> Task details
Using the listing below, set down each line from the line containing "Po mši svaté" through the line containing "Serrure multipoints GLUTZ", both ends included, exactly and with nothing added.

> Provided information

*****

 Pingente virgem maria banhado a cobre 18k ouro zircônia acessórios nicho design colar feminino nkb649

*****

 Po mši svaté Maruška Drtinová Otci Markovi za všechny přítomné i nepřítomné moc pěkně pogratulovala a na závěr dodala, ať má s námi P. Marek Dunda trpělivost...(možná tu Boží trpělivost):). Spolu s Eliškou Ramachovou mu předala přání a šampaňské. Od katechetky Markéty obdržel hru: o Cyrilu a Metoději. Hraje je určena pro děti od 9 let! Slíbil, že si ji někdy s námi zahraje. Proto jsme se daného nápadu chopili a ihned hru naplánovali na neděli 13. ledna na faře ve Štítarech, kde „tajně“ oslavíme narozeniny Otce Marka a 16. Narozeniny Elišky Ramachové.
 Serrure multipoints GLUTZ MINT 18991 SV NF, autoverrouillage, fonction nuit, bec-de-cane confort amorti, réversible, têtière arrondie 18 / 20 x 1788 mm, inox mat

*****

> Response to the exercise
 Po mši svaté Maruška Drtinová Otci Markovi za všechny přítomné i nepřítomné moc pěkně pogratulovala a na závěr dodala, ať má s námi P. Marek Dunda trpělivost...(možná tu Boží trpělivost):). Spolu s Eliškou Ramachovou mu předala přání a šampaňské. Od katechetky Markéty obdržel hru: o Cyrilu a Metoději. Hraje je určena pro děti od 9 let! Slíbil, že si ji někdy s námi zahraje. Proto jsme se daného nápadu chopili a ihned hru naplánovali na neděli 13. ledna na faře ve Štítarech, kde „tajně“ oslavíme narozeniny Otce Marka a 16. Narozeniny Elišky Ramachové.
 Serrure multipoints GLUTZ MINT 18991 SV NF, autoverrouillage, fonction nuit, bec-de-cane confort amorti, réversible, têtière arrondie 18 / 20 x 1788 mm, inox mat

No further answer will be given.